View PostGaijin_Golfer, on 26 October 2012 - 10:36 AM, said:

So you want to take a year off, living in apartments and flying around to various tournaments?  Really?  Go to college and get an education so that you can get a, "real" job.  Chasing a dream is fine but you still need to be realistic.


First, unbelievably ridiculous post, next time just refrain will you! Imagine if Michael Jordan took your advice when he couldn't make his high school basketball team (don't tell me that is different, all he did was work his a** off one offseason and we all know the rest). I can't stand people who try to quash someone else's dream - damn it, just don't do it. He should strive to be exceptional, not realistic - especially most peoples idea of reality.  Wonder who you're voting for today?

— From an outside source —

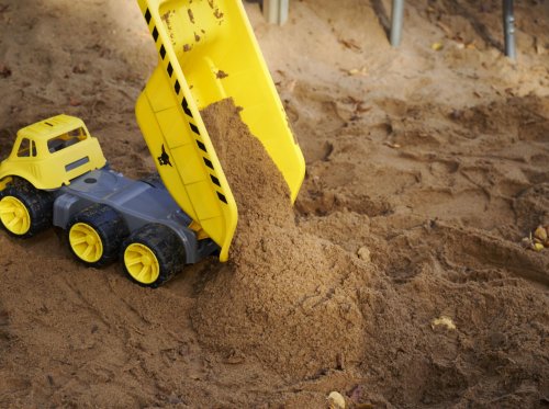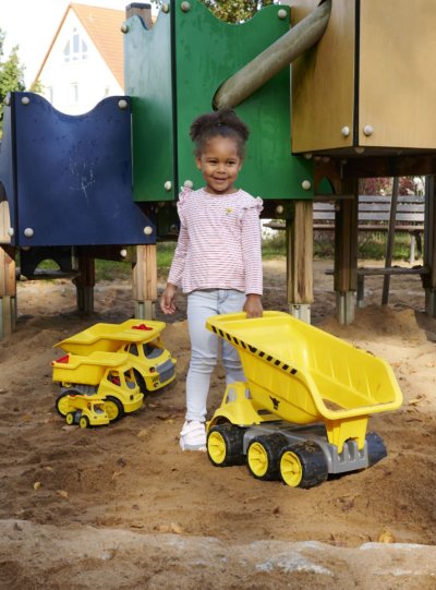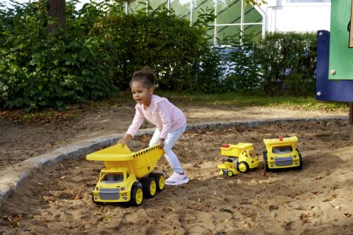 Mega sklápačka z robustného plastu, 6 kolies z mäkkého plastu, nezanecháva stopy na podlahe, kapacita 12,8 litrov alebo 25 kg. Jednoduchá údržba. Rozmery výrobku (DxŠxV) 65x31x36 cm.
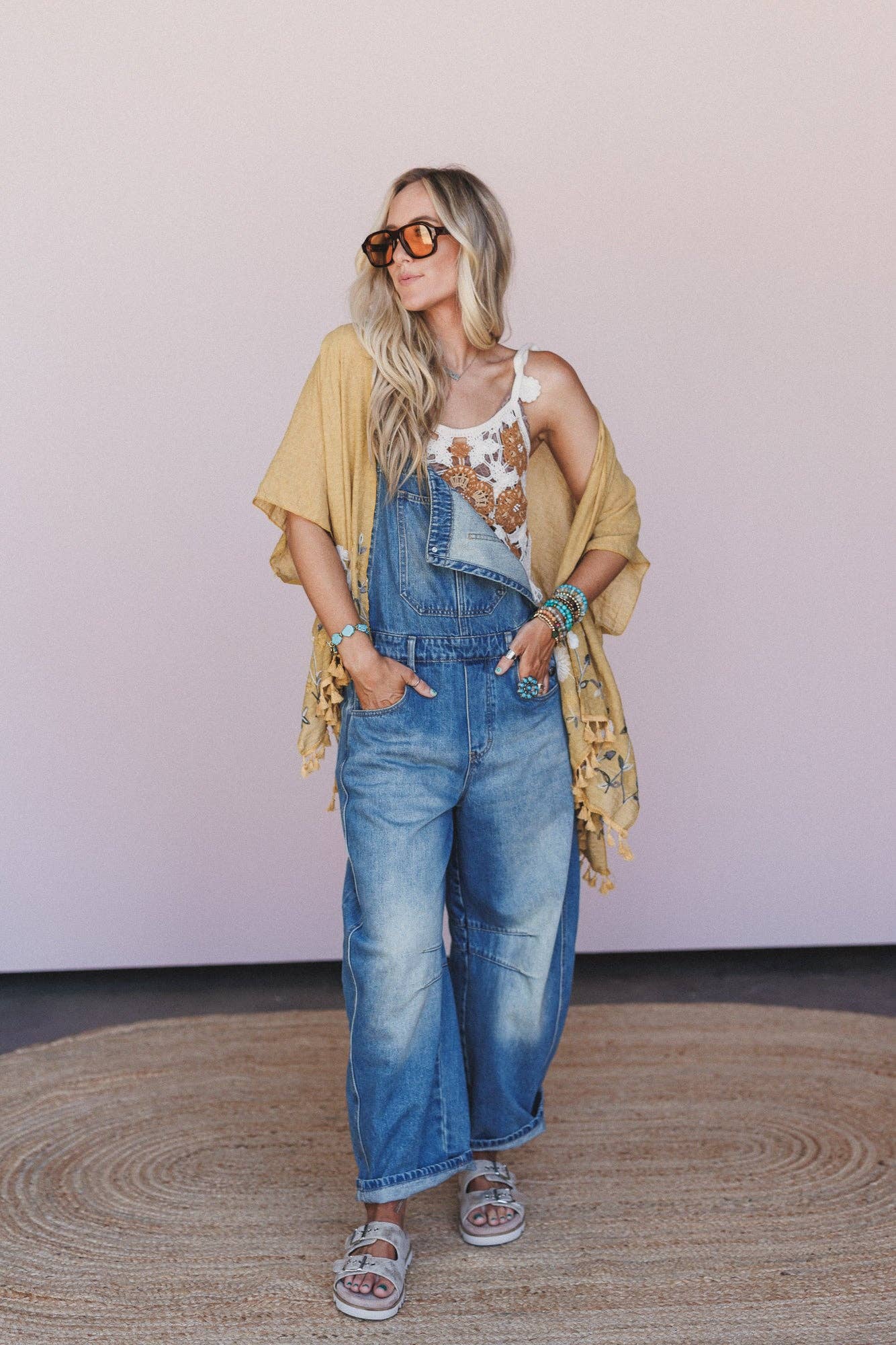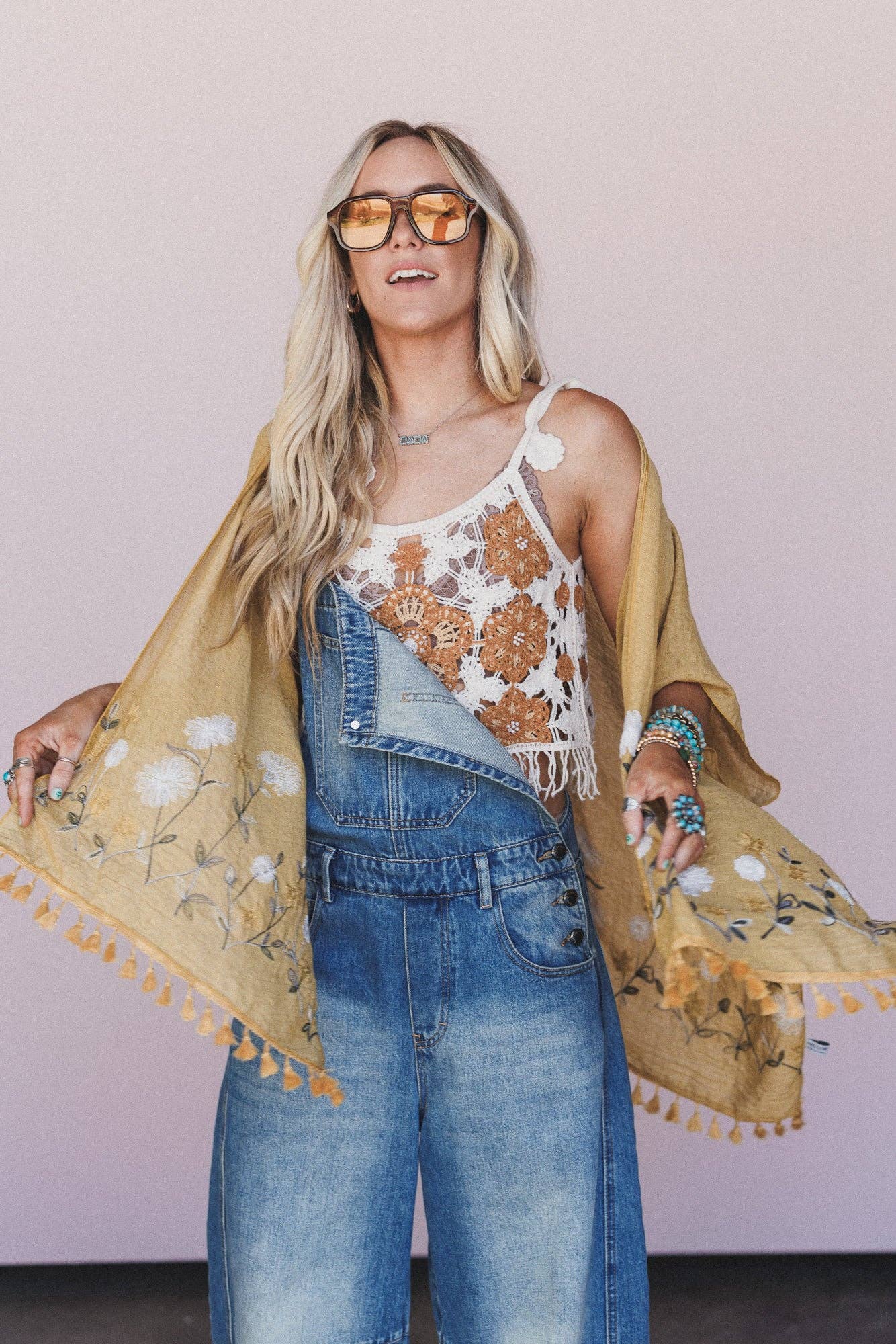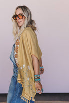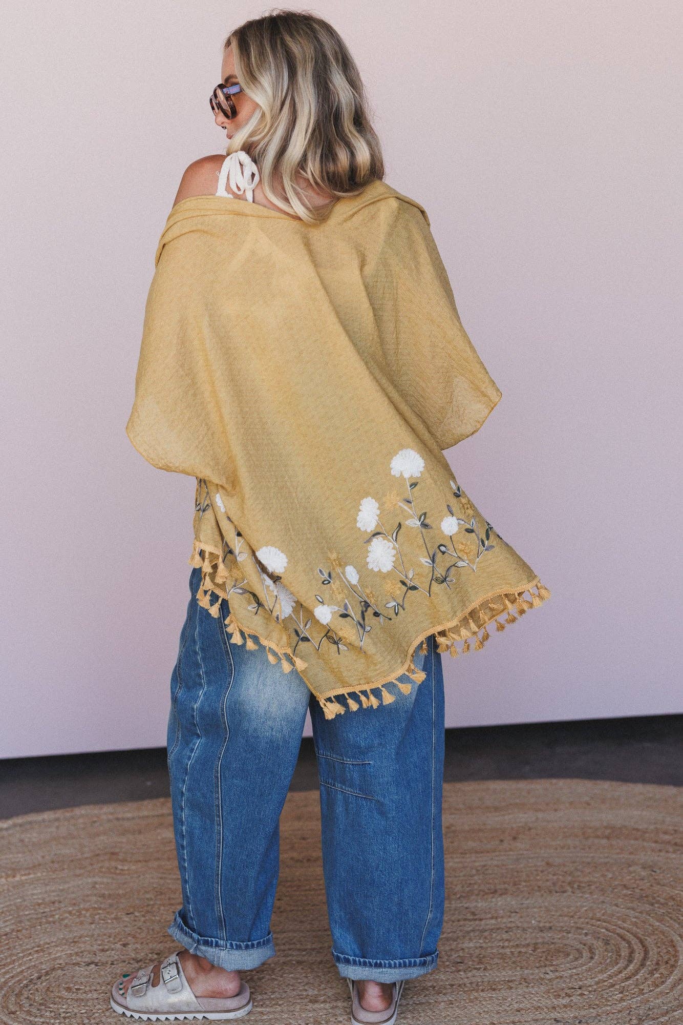 This yellow tassel kimono pairs effortlessly with a tee and jeans for an elevated casual look.

Second, I don't know much about junior or college golf but if you have the means to take a year off, the discipline to actually do the work necessary and finally have the support of your family then go ahead. I do agree with others who say to get with a coach or academy so you can have the facilities, coaching and talent around you to maximize your potential. My only other question is do you know what you would study if you did go to college? If your only reason to go to school is golf then it might be good to develop and test your skill for the year as well as consider what you will study when you do go to school.

Follow your dream man - don't listen to anyone who'll say you can't do it - successful people hear those words and use them to fuel greater achievement!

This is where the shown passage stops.